From figure above a heatmap will be created with a correlation function for all data. Figure above is a heatmap of the data that was determined at the beginning. From this data, we want to see the relationship between diagnosis and all variables. It appears that the diagnosis is closely correlated with cataract status. And the diagnosis is too far from age. However, this data is too far from the diagnosis.
H. Split Data
Researchers split the data from 90% training and 10% testing to 60% training and 40% testing. Split data is carried out to evaluate whether the model created can produce high accuracy values or not. The results are displayed in the results section
I. Model
This stage is a continuation of split data. After splitting the data, the researchers initiated the Naïve Bayes, Random Forest, and KNN models. The model will be initialized according to the provided python library.
J. Evaluation
To assess whether the model is good or not through evaluation. After the model process is complete, the next step is evaluation. This research uses evaluation based on accuracy values. Each model looks for evaluation values from each split data. The exact results will differ according to the data split that has been initiated.
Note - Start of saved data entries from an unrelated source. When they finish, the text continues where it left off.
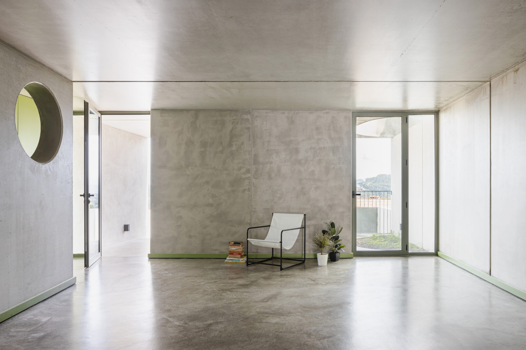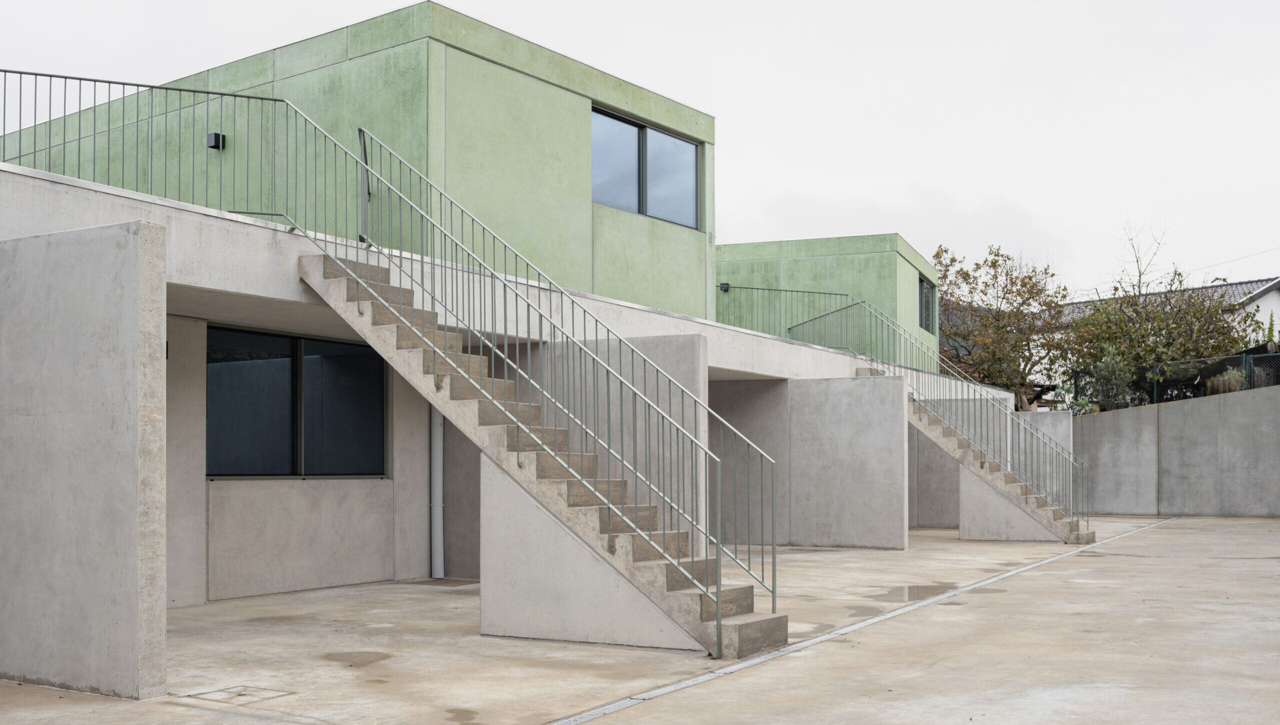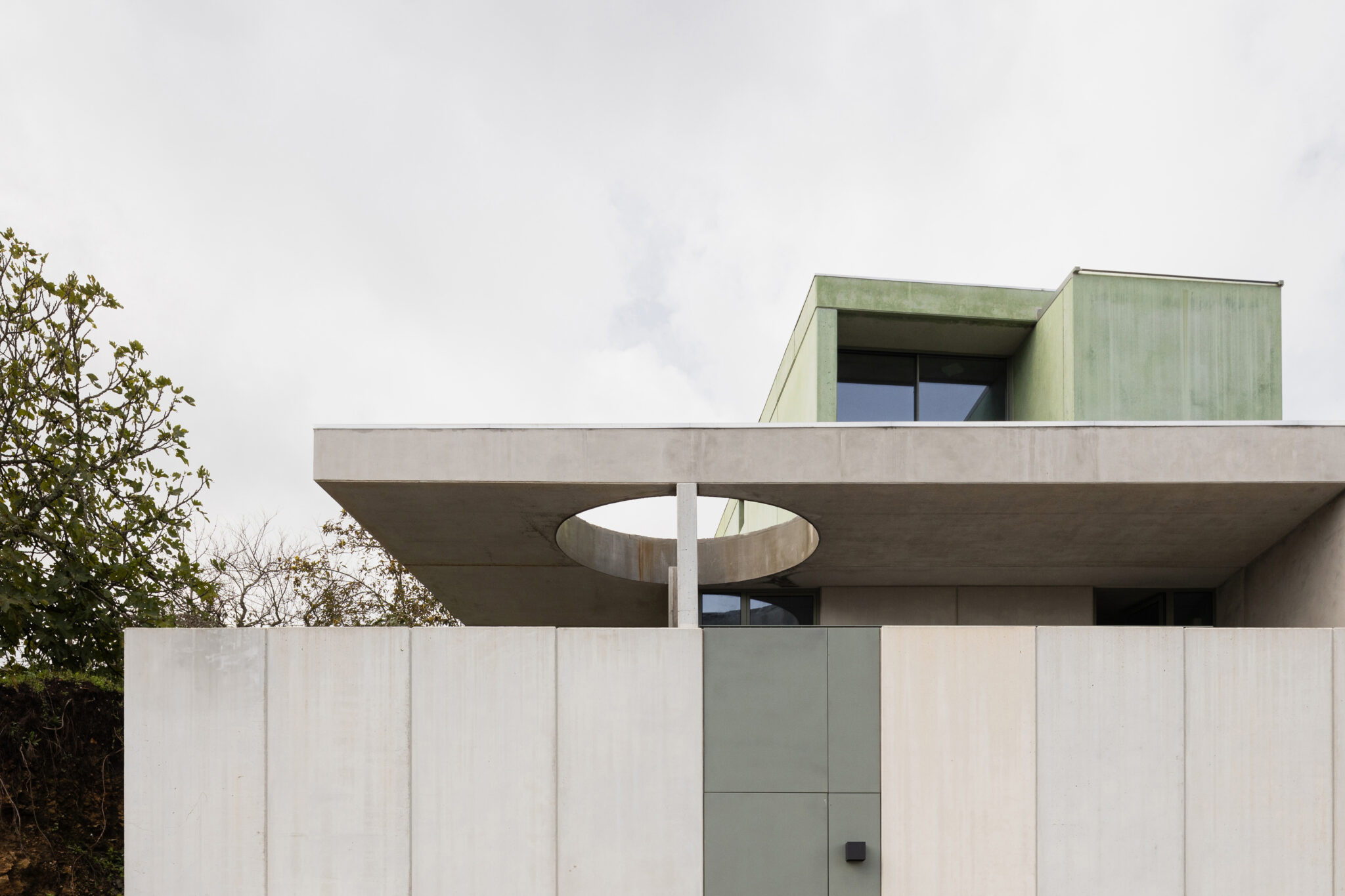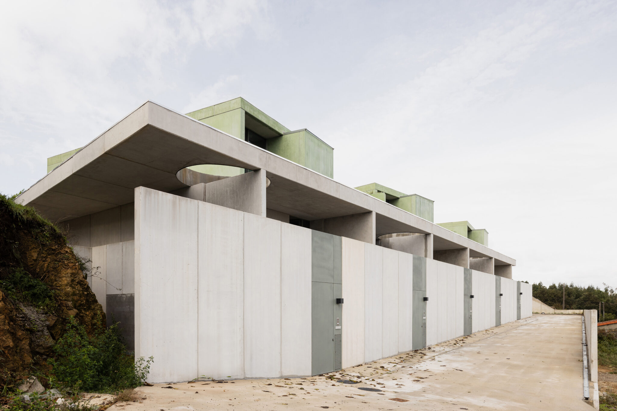 Los paneles de pared prefabricados definen luces libres de 6,30 metros, funcionando como elementos estructurales verticales sobre los que apoyan las piezas de prelosas que conforman la cubierta de la planta baja. Esta losa desempeña un papel fundamental en la lectura formal del edificio: por debajo de ella, el hormigón mantiene su tonalidad natural; por encima, aparece pigmentado en color verde, estableciendo una clara separación visual entre la base construida y los volúmenes superiores que se apoyan sobre ella.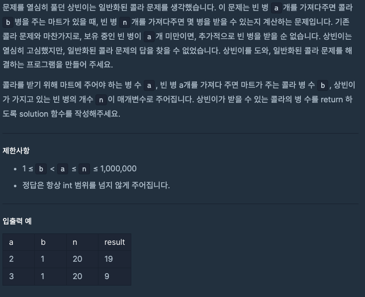 class Solution { public int solution(int a, int b, int n) { int answer = 0; while(n >= a) { int bottle = (n / a) * b; int remainder = n % a; answer += bottle; n = bottle + remainder; } return answer; } }마트에 콜라병을 가져갔을 때 받을 수 있는 병의 갯수(bottle)를 구하고, 가져가고 남은 갯수(remainder)를 구하여 값을 더 해주고 더 이상 나눌 수 없을 때 ( 콜라병을 받을 수 없는 ) 까지 반복하여 갯수를 구했습니다.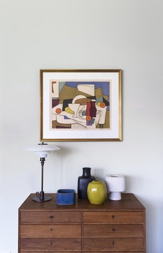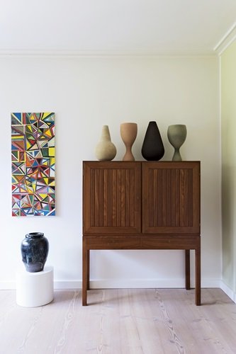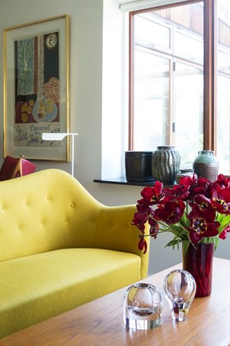 Á þessu einstaka heimili býr sannkallaður fagurkeri og ekta safnari. Húsögnin eru mörg hver eftir dönsku meistarana, Borge Mogensen, Finn Juhl og Hans J. Wegner. Í viðtali sem birtist með þessu innliti í danska Bo Bedre tímaritinu kom fram að eigandinn hafi mjög ungur að aldri hafið að safna hönnun og list, hann las bækur um listmuni og jafnvel um kínverskt postulín, og á 12 ára aldri hafi hann verið búinn að kaupa sér sína fyrstu postulínstyttu.
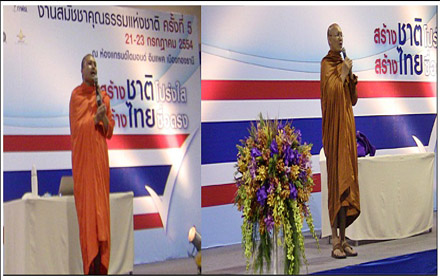 วันที่ 21 กรกรกฎาคม ในงานสมัชชาคุณธรรมแห่งชาติ ครั้งที่ 5 ปี 2554 ที่จัดโดย 20 เครือข่ายสมัชชาคุณธรรม ประกอบด้วยหน่วยงานองค์กรอิสระภาคเอกชน เครือข่ายด้านคุณธรรมจริยธรรม ภาคประชาชนและหน่วยงานภาครัฐ มีการจัดกิจกรรมเวทีย่อย เทศนาธรรม หัวข้อ “สร้างชาติโปร่งใส สร้างไทยซื่อตรง” โดย พระราชญาณกวี ผู้ช่วยเจ้าอาวาส วัดพระรามเก้ากาญจนาภิเษก และพระมหาสมปอง ตาลปุตโต วัดสร้อยทอง

The results of the evaluation are explained in the results section.
3. Result
No | Model | Split Data | Accuracy |
1 | Naïve Bayes | 90 Training, 10 Testing | 0.5371 |
|
| 80 Training, 20 Testing | 0.5120 |
|
| 70 Training, 30 Testing | 0.5101 |
|
| 60 Training, 40 Testing | 0.5034 |
2 | Random Forest | 90 Training, 10 Testing | 0.5143 |
|
| 80 Training, 20 Testing | 0.5108 |
|
| 70 Training, 30 Testing | 0.4907 |
|
| 60 Training, 40 Testing | 0.5008 |
3 | KNN | 90 Training, 10 Testing | 0.5416 |
|
| 80 Training, 20 Testing | 0.5381 |
|
| 70 Training, 30 Testing | 0.5484 |
|
| 60 Training, 40 Testing | 0.5524 |
Table Above is the model results evaluated using accuracy. This accuracy is obtained from various data splits. The split data used in this research included 90% training 10% testing, 80% training and 20% testing, 70% training 30% testing, and 60% training 40% testing. The worst result in model comparison lies in the random forest model with a result of 0.4907 with a data split of 70% training and 30% testing. The best results in model comparison were the use of classification in KNN with a result of 0.5524 with a data split of 60% training and 40% testing. So, it can be concluded that the best accuracy value is the KNN model with split data of 60% training and 40% testing.
4. Conclusion
The conclusion of this research begins with an analysis of gender, age, and diagnosis. It was found that men were the most sufferers from the Glaucoma dataset. There were 2217 men suffering from glaucoma. Then the sufferers are not only elderly people but also many young people aged 18 years who are already suffering from glaucoma. Then, not only based on age, it turns out that many glaucoma sufferers also have no history of the disease, no cataracts, and normal vision. So, researchers can conclude that even healthy people can also get glaucoma. However, the main factor in developing glaucoma is also not far from diseases such as diabetes, hypertension or family heredity. Then the results of the model evaluation in this research with the best accuracy value were obtained by the KNN model with a value of 55% with split data of 60% training and 40% testing.